I want to delve a little bit more on the point of community. I spent a significant part of my junior year attempting to find myself through the communities Southeast DC. I engaged in a few projects, most significantly, attempting to do an ethnographic study of individuals in the Barry Farm Public Housing Complex. I want to relay a story here that I find apt for us fairly privileged college students. In the Barry Farm community lies a basketball court that is at the heart of the culture of the community. That court hosts the Goodman League, where NBA stars like Kevin Durant and Michael Beasely grew up on. In the summer going into my junior year, I spent one or two nights a week hanging out there with a few of my closest friends and I learned something very critical about the human spirit. That is, in the midst of housing dislocation, high crime rates, government disinvestment (and general negligence) and poor police-communal relations, individuals formed community and found joy at the Goodman League. During those games, the music was blaring, individuals were dancing and laughing, people represented their neighborhoods with great pride and love was ubiquitious. The problems of the world were subsidiary to the spirit of competition and levity. Conditions of abjectness did not define their existence; instead, they chose to find happiness and fulfillment with each other.

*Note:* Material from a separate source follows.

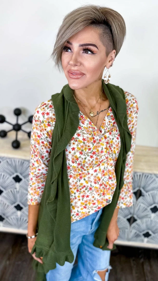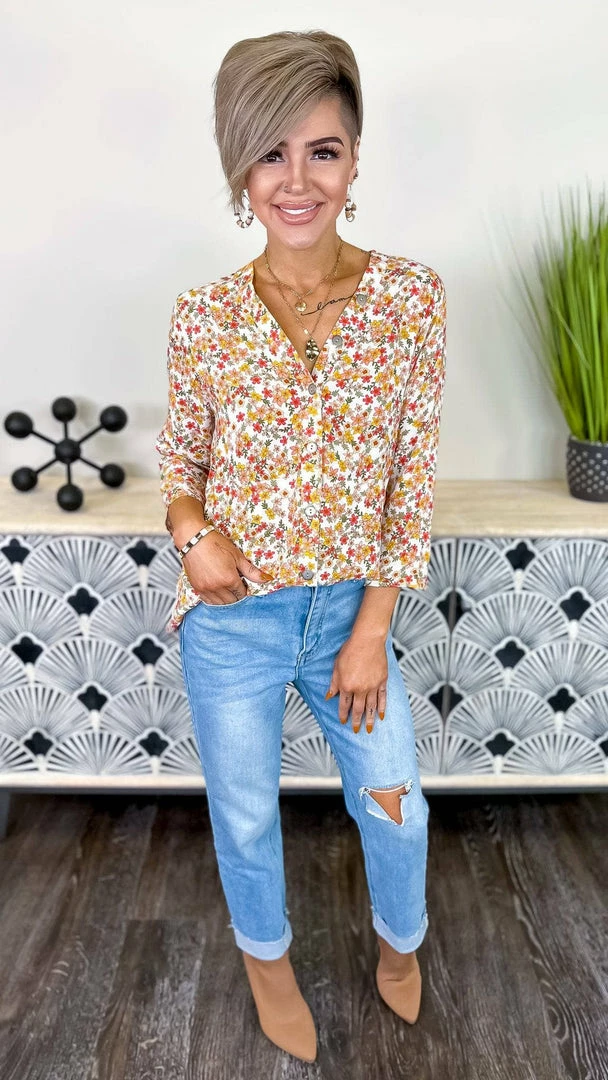 Add some flower power to your ZZS collection! With pretty 3/4 sleeves and a button-up v-neck, this top is perfect for a day of exploring a new city or strolling through your favorite park. The floral print is cheerful and optimistic, sure to bring a smile to everyone you meet.
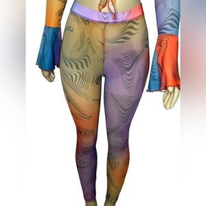 Stylish Long Sleeve Mesh Crop Top & Leggings Pants Set Breathable Trendy

And thus comes the thesis of my post today: in the midst of angst and grieving, we can choose to have a paradigm shift. Naturally, grieving is part of the process and should be fully embraced. I too have grieved. I grieved when many of my closest friends departed to their respective homes and I was left-particularly as a second-semester senior-wondering when I will see them again. I grieved over the fear that elderly individuals in my life have. I grieved over the anxiety of what tomorrow brings. And in coming to terms to this grief, I had to drop pretensions of how I should act or what I should do and instead, embrace it and let those emotions fully flourish. But grief by its very nature is temporary. It is a moment, not a lifestyle. And once we let the grief pass through us, we are granted a choice: do we extrapolate our condition as a general rule of how to navigate life moving forward or do we participate in the world as best we can? I am trying to choose the latter. This is the hand we've been dealt-but if those at Barry Farms have taught me anything, it is that even in the bleakness of the absurdity of life, we imprint our own will on the world.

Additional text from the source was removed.